Github PK Tool:Github PK Tool

Reproducing pure computation TFLOPs

prrathi opened this issue · comments

Hi, I'm trying to measure attained TFLOP/s when training on v5-tpu-8. I believe this is done in MaxText/train.py, from lines 491 to 534, and with the current main branch as is I get numbers around 200-300 TFLOPs. But the current calculation sets last_step_completion = new_time on line 505, and thus the extra overhead of calls to record_scalar_metrics and write_metrics is included (assuming no checkpointing). To remove this overhead, I moved line 505 to below line 531, and changed to last_step_completion = datetime.datetime.now() to isolate just the forward and backward pass. I also made the following changes to MaxText/configs/base.yml:

enable_checkpointing: False
async_checkpointing: False
dataset_name: ''
eval_dataset_name: ''
dataset_type: synthetic
max_corpus_chars: 10_000
steps: 10
enable_dropout: False
enable_data_shuffling: False

then when I run train.py with this new base.yml I get very small times and high throughput numbers, around 0.001 seconds and 100000-200000 TFLOP/s/device.
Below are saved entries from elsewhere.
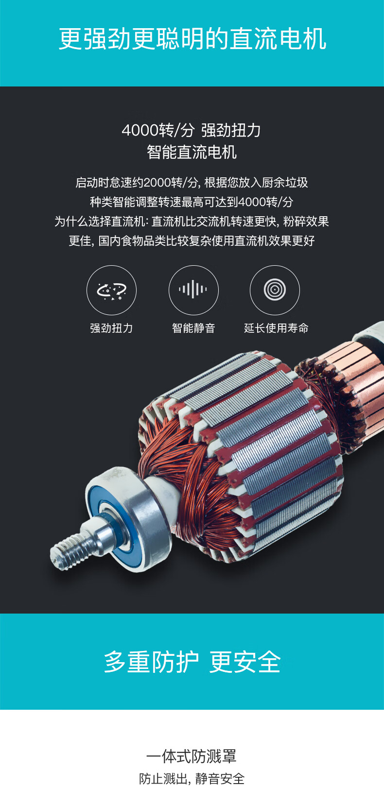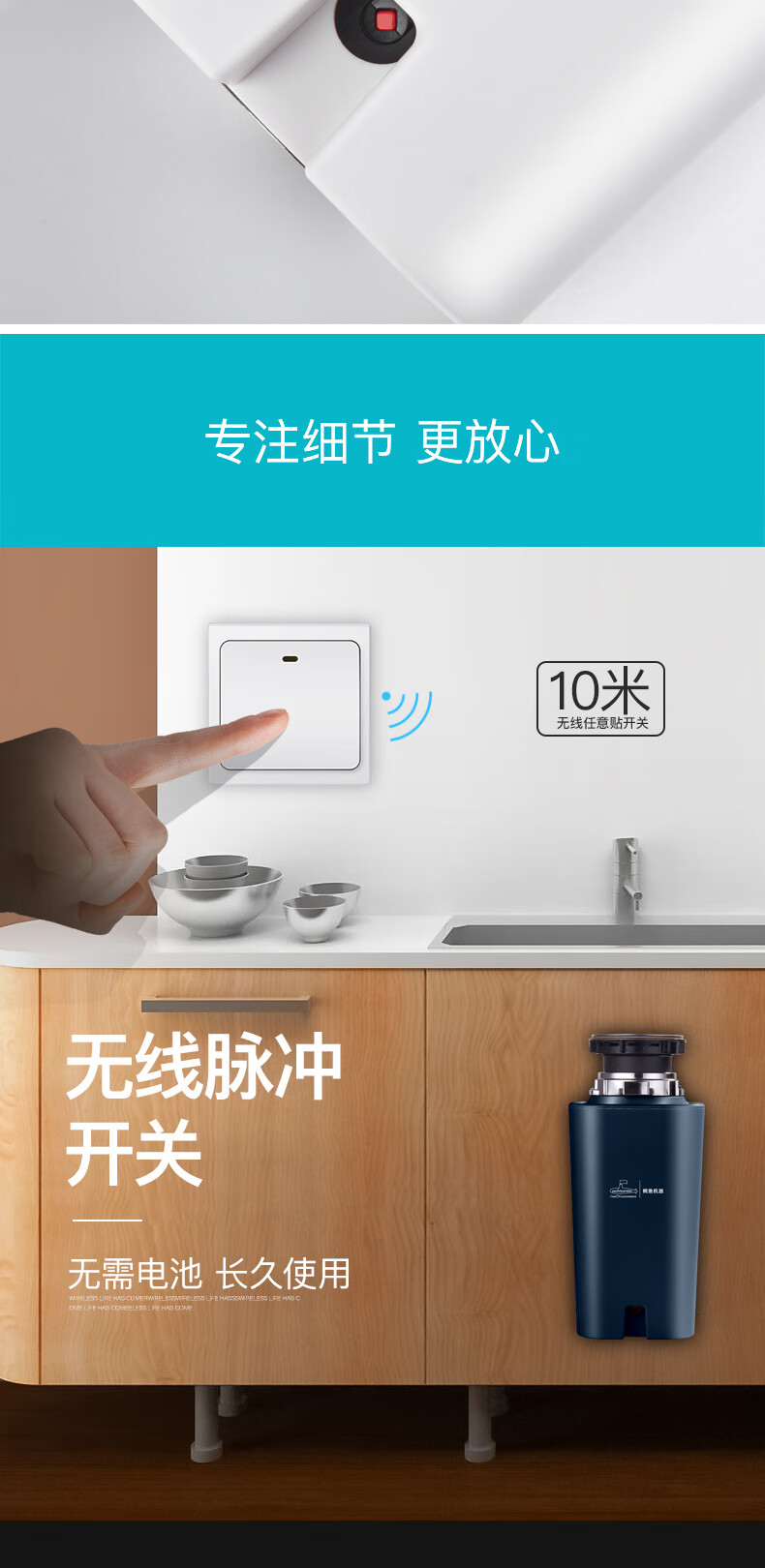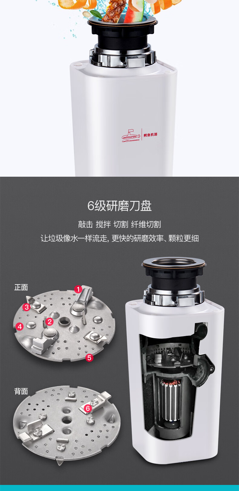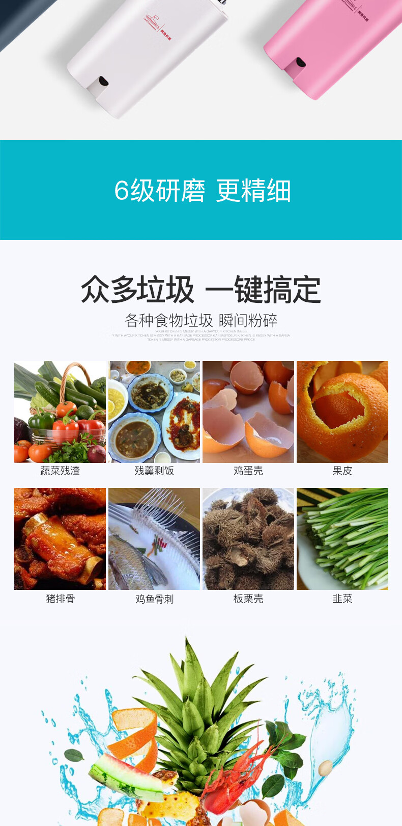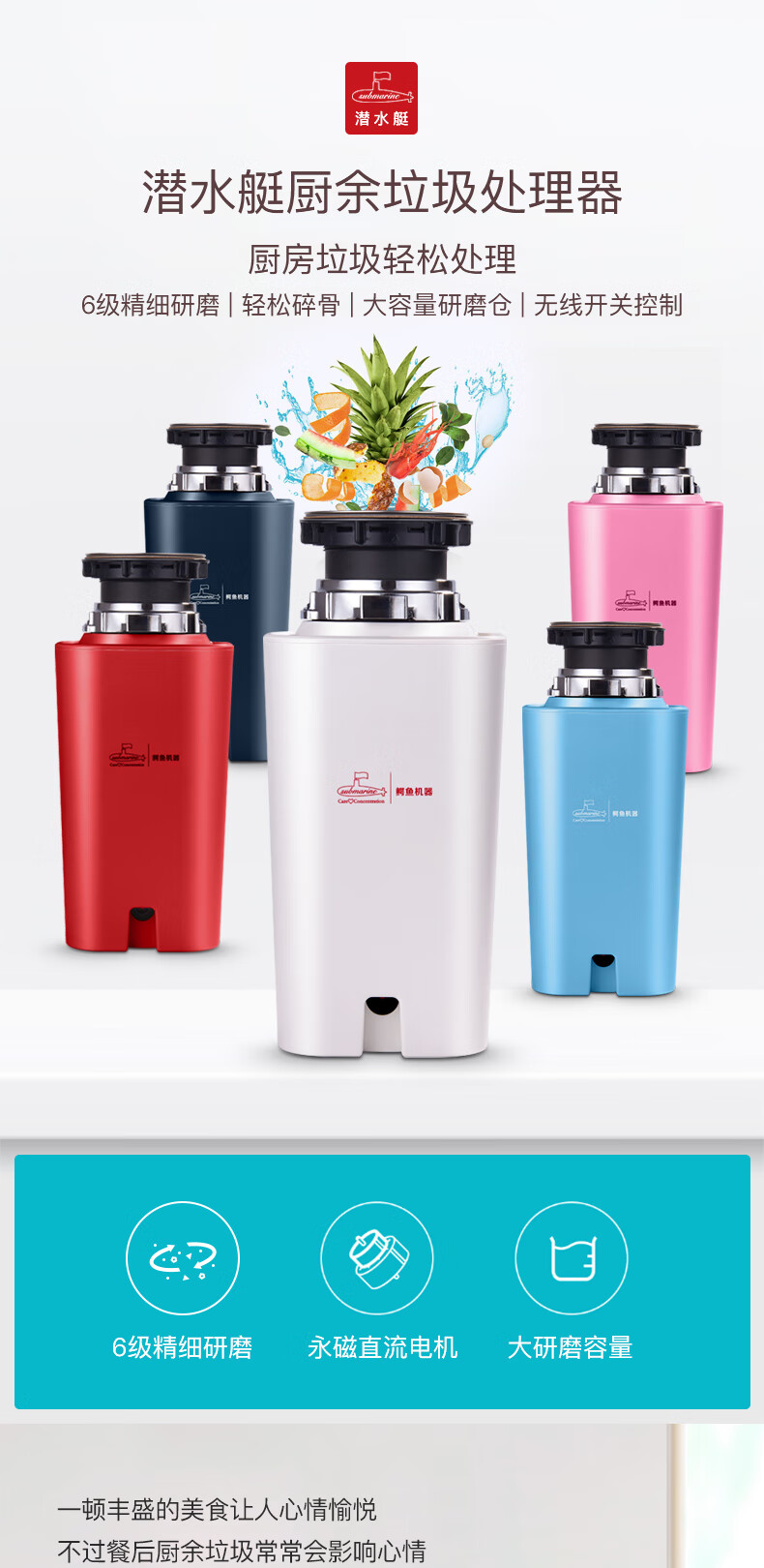 Submarine kitchen food waste disposer kitchen waste shredder silent household sink fully automatic leftovers cyan blue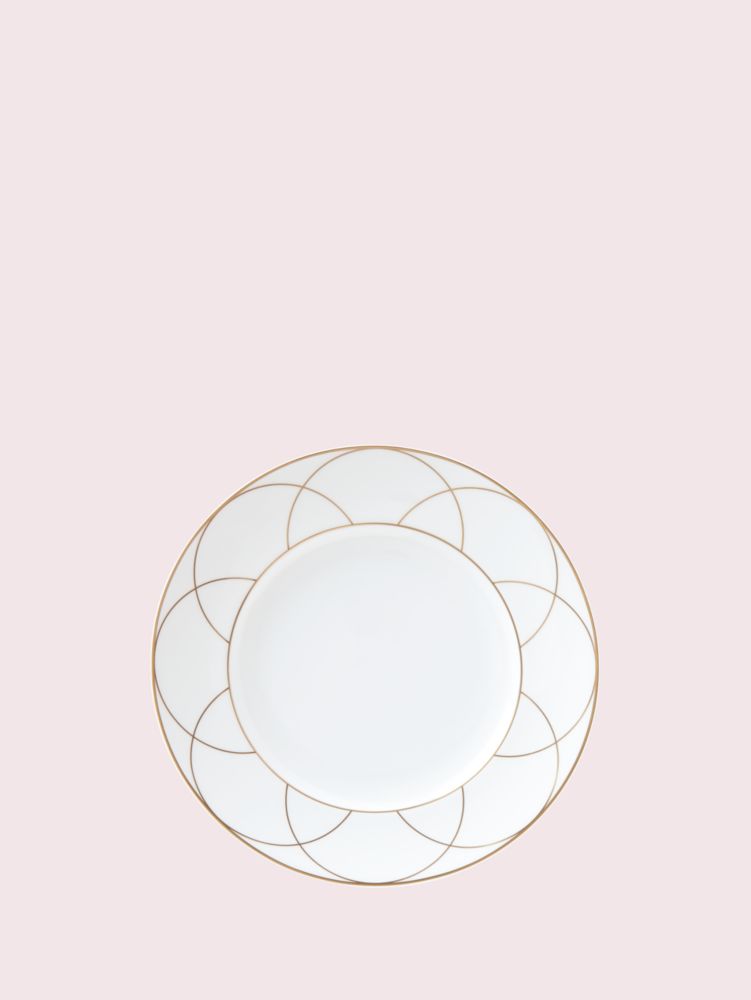 this salad plate is from our arch street collection. it's made from fine bone china and finished with a golden motif inspired by the curves and symmetry of a wire sculpture. we think it's so elegant and modern and perfect for your next special gathering (or a normal weeknight meal).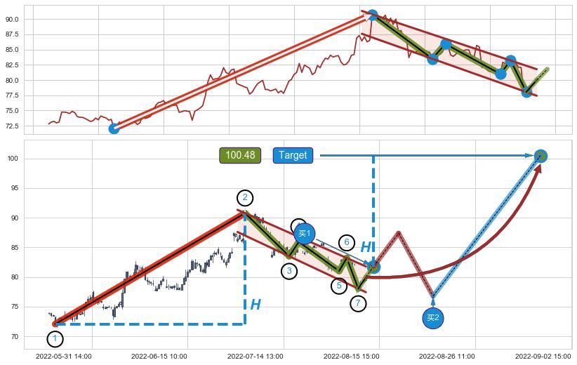 ➣ 最小中继整理涨幅→𝐇: 18.71 (𝐇旗杆的长度:旗杆起点→顶点)

Is there something wrong with the small changes I made that's resulting in these measurements? Is there some other suggested way to remove any overhead and only capture the computation TFLOP/s?

Note: I also tried increasing steps to 10000 but observed similar FLOP/s numbers through all the steps

Interesting question! Jax is lazy by default so if there is no effort to extract the values output by the computation, jax will keep running ahead (and enqueuing more computations!).

So in this context, Jax is executing your lines of python for step 2 and 3 and so on before finishing the execution of step 1.

Emitting telemetry isn't taking time -- it is serving as a gate for the python execution!

Hope that helps!

@rwitten Got it that makes sense thanks! Just curious, is there a specific part or line of code in the telemetry logic that gates the execution?

Writing to tensorboard at some point requires outputs which serves as a gate.